# PROBLEM TO WORK ON
Print the line containing "O Assento Sanitário", then every line after it through the end of the material, exactly as written and without pictures.

# GIVEN RECORDS

━━━━━━━━

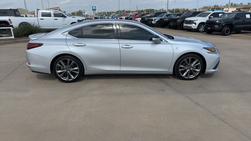 This 2020 Lexus ES 350 F Sport in Silver Lining Metallic comes with the following features: 3.5L V6 DOHC Dual VVT-i 24V 8-Speed Automatic FWD 10 Speakers, 10-Way Power Adjustable F SPORT Front Seats, 4-Wheel Disc Brakes, ABS brakes, Air Conditioning, Alloy wheels, AM/FM radio: SiriusXM, Auto High-beam Headlights, Auto tilt-away steering wheel, Auto-dimming door mirrors, Auto-dimming Rear-View mirror, Automatic temperature control, Brake assist, Bumpers: body-color, CD player, Compass, Delay-off headlights, Driver door bin, Driver Seat Memory, Driver vanity mirror, Dual front impact airbags, Dual front side impact airbags, Electronic Stability Control, Emergency communication system: Lexus Enform Safety Connect, Exterior Parking Camera Rear, F SPORT NuLuxe Seat Trim, Four wheel independent suspension, Front anti-roll bar, Front Bucket Seats, Front Center Armrest, Front dual zone A/C, Front reading lights, Fully automatic headlights, Garage door transmitter: HomeLink, Heated & Ventilated Seats, Heated door mirrors, Heated front seats, Illuminated entry, Knee airbag, Leather Shift Knob, Leather steering wheel, Low tire pressure warning, Memory seat, Occupant sensing airbag, Outside temperature display, Overhead airbag, Overhead console, Panic alarm, Passenger door bin, Passenger vanity mirror, Power door mirrors, Power driver seat, Power moonroof, Power passenger seat, Power steering, Power Tilt/Telescoping Steering Wheel w/Memory, Power windows, Radio data system, Radio: Lexus Premium Sound System w/10 Speakers, Rain Sensing Wipers, Rain sensing wipers, Rear anti-roll bar, Rear reading lights, Rear seat center armrest, Rear side impact airbag, Rear window defroster, Remote keyless entry, Security system, Speed control, Speed-sensing steering, Sport steering wheel, Steering wheel memory, Steering wheel mounted audio controls, Tachometer, Telescoping steering wheel, Tilt steering wheel, Traction control, Trip computer, Turn signal indicator mirrors, Variably intermittent wipers, Ventilated front seats, and Wheels: 19" x 8J Split Spoke Aluminum Alloy.
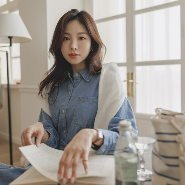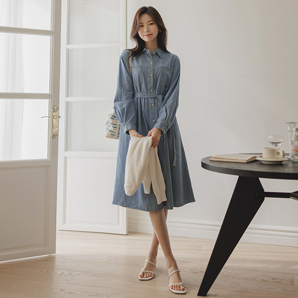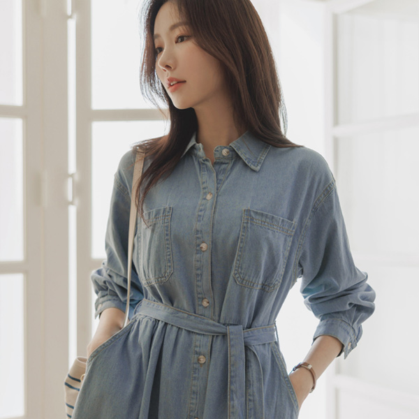 郊游装 A字型 口袋 牛仔色 连衣裙
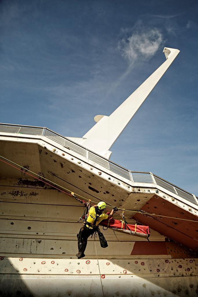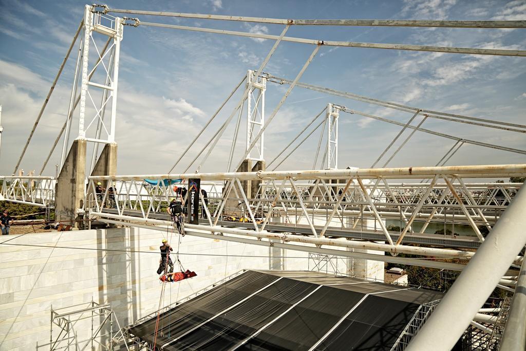 Evacuación mediante puente grúa en una simulación de inundación, Puente del Alamillo. © Curro Martinez, KORDA’S
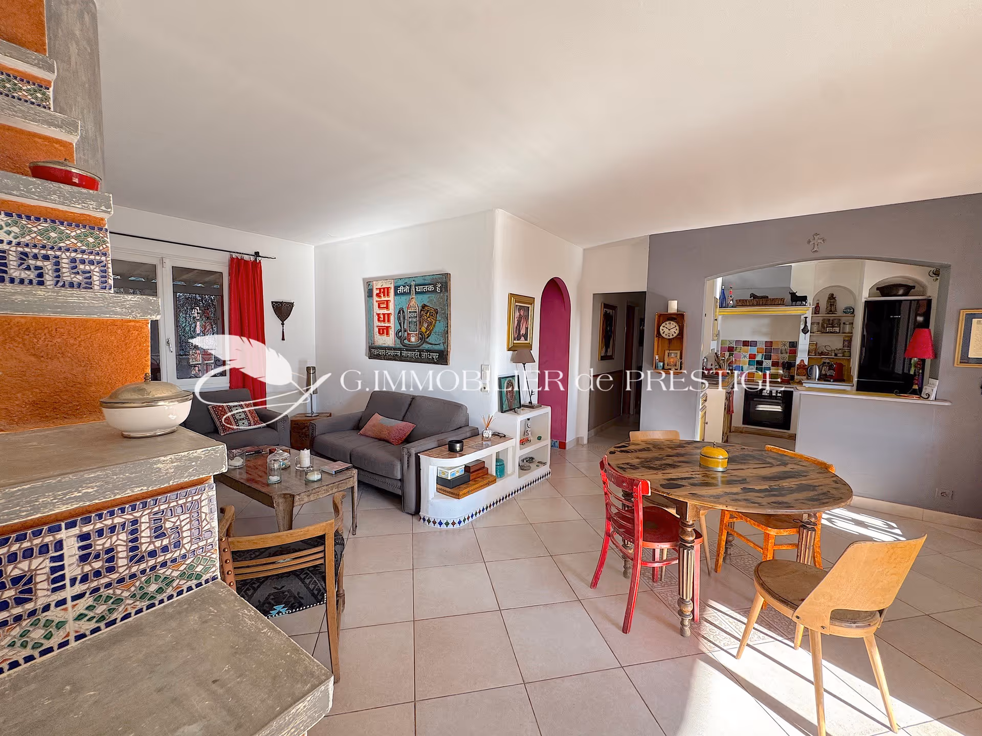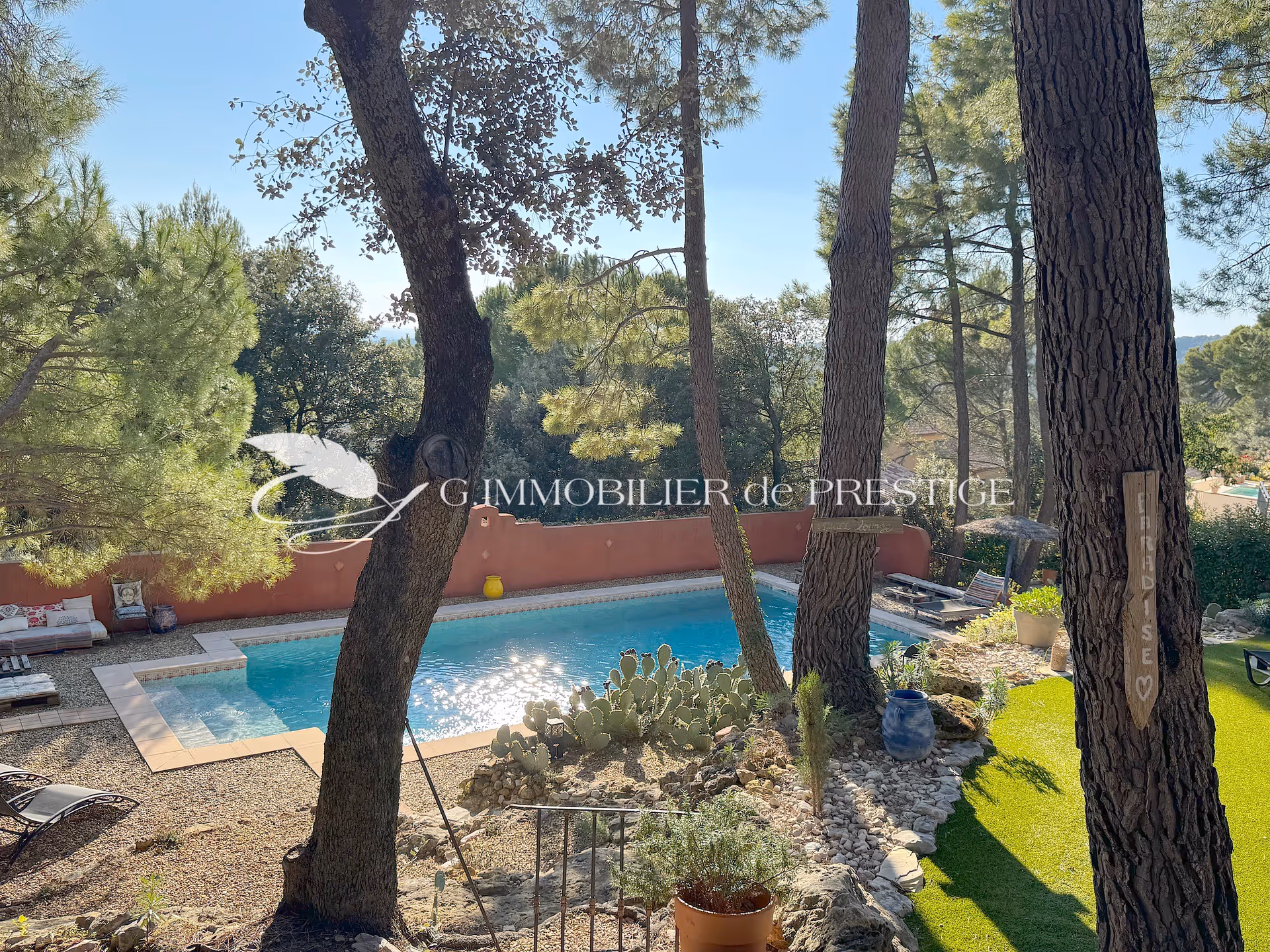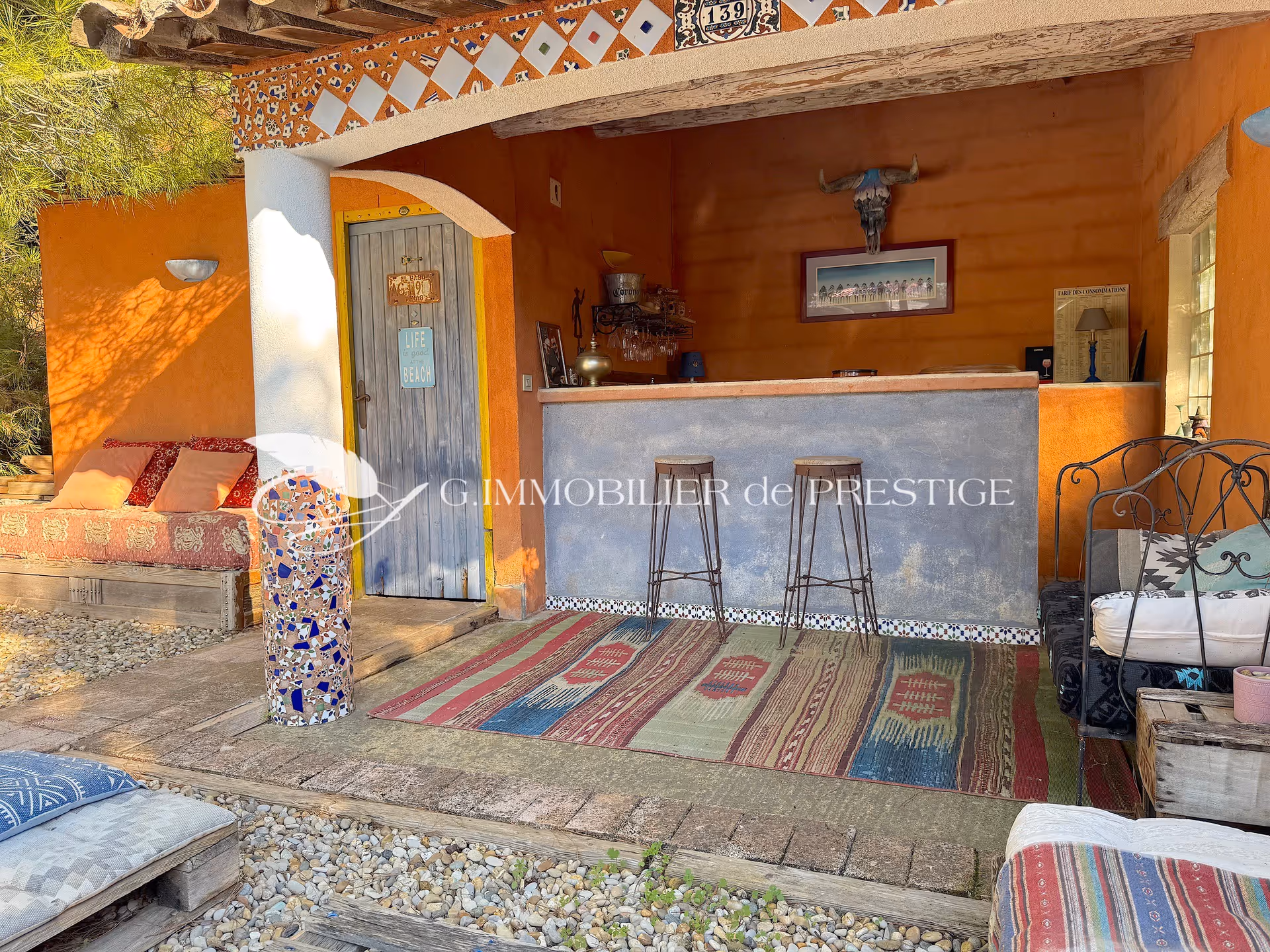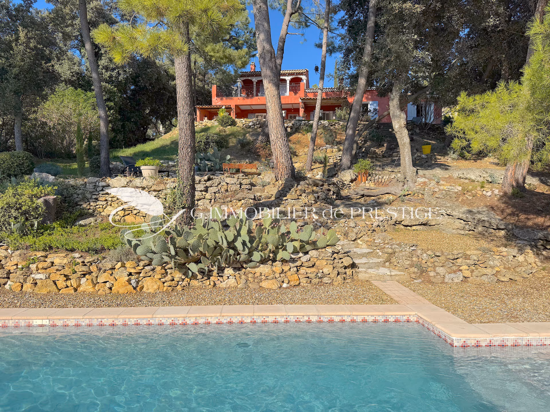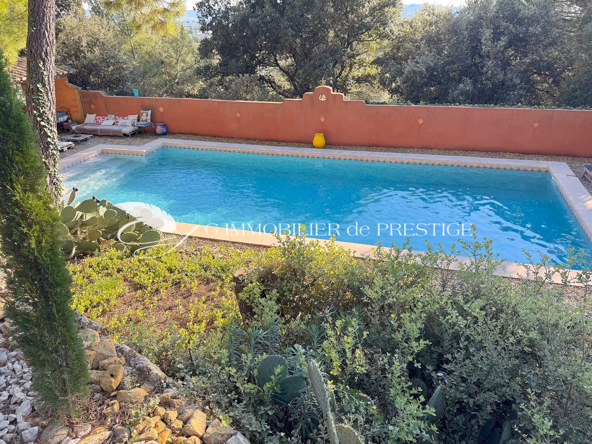 Implantée sur un terrain paysagé de pins, chênes, essences méditerranéennes et rocailles, elle s'ouvre sur une belle piscine bordée de murets en pierre sèche, prolongée par une cuisine d'été à l'ambiance latino avec bar d'été, tapis colorés et détails en mosaïque artisanale.
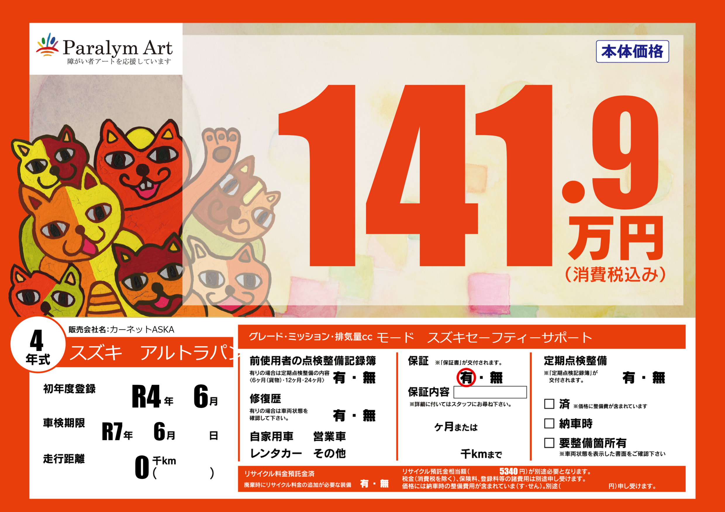 | 走行キロ | - | 初年度登録 | R4年6月 |
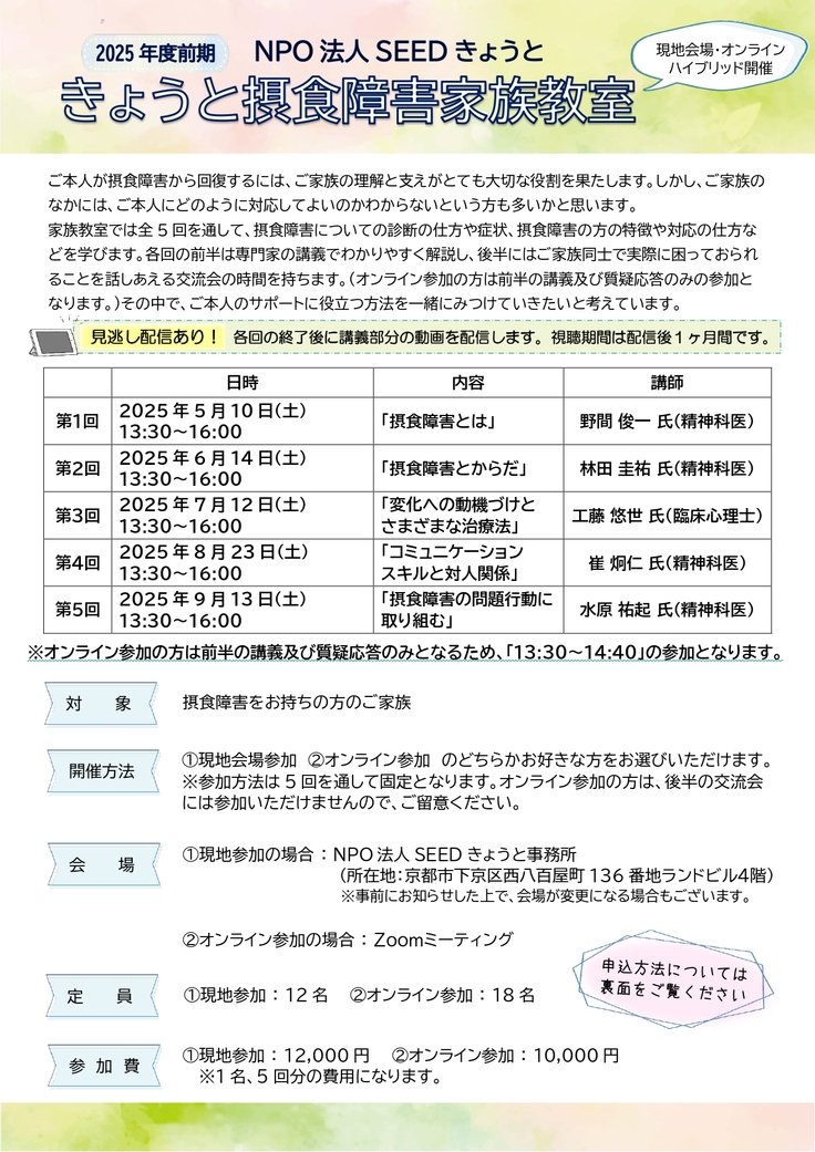 【4月開講】SEEDきょうと摂食障害家族教室お申し込み開始!
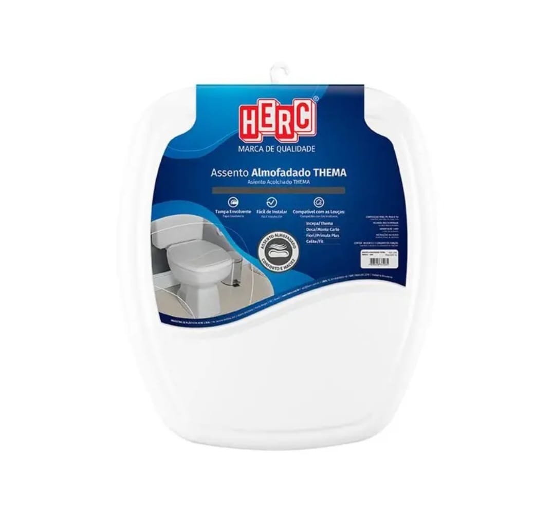 O Assento Sanitário Almofadado Thema Herc na cor branca é a escolha ideal para quem busca conforto e praticidade. Com um design liso e forma quadrada, ele se adapta perfeitamente a diferentes estilos de banheiro, proporcionando um toque de elegancia ao ambiente.
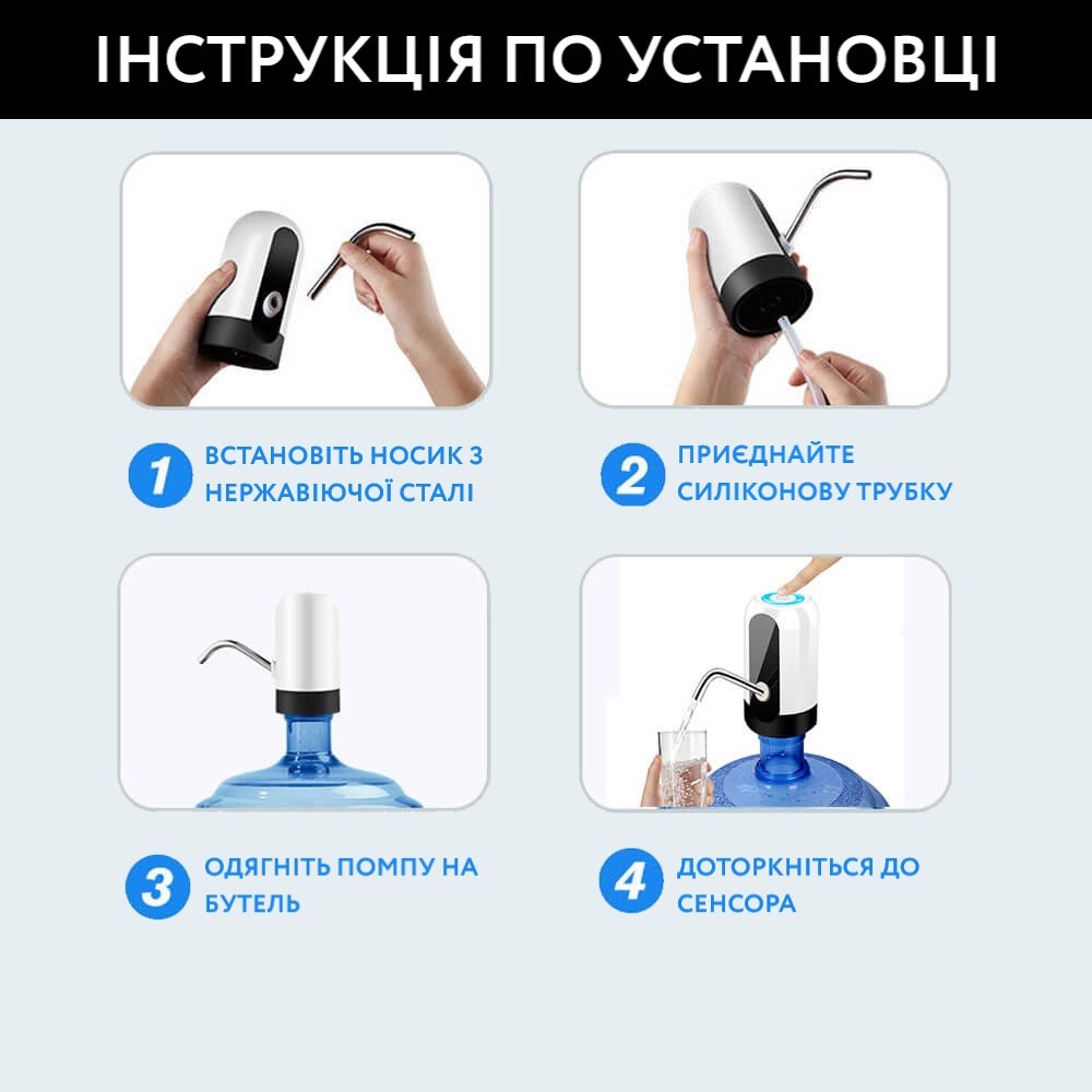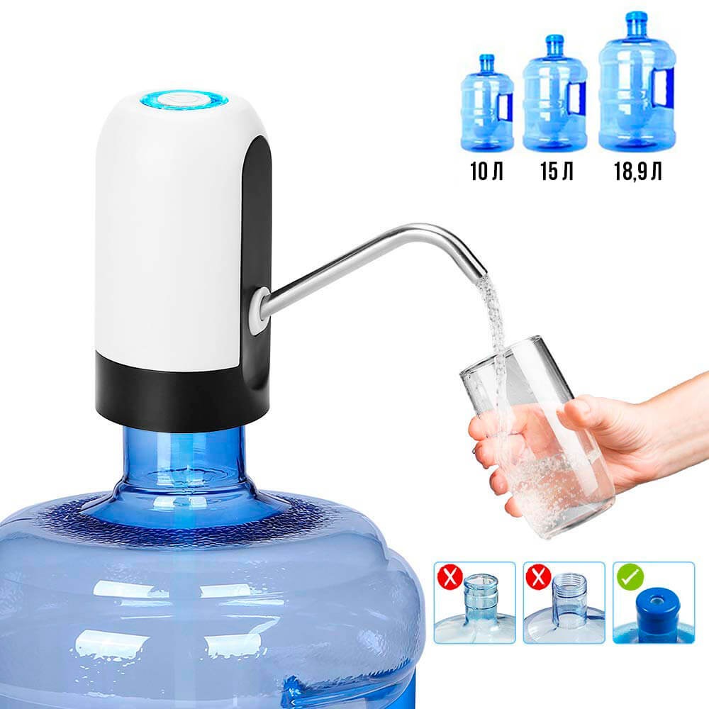 - Помпа сумісна з пляшками об'ємом 10, 15 і 18,9 літрів.

━━━━━━━━

# ANSWER SECTION
 O Assento Sanitário Almofadado Thema Herc na cor branca é a escolha ideal para quem busca conforto e praticidade. Com um design liso e forma quadrada, ele se adapta perfeitamente a diferentes estilos de banheiro, proporcionando um toque de elegancia ao ambiente.
 - Помпа сумісна з пляшками об'ємом 10, 15 і 18,9 літрів.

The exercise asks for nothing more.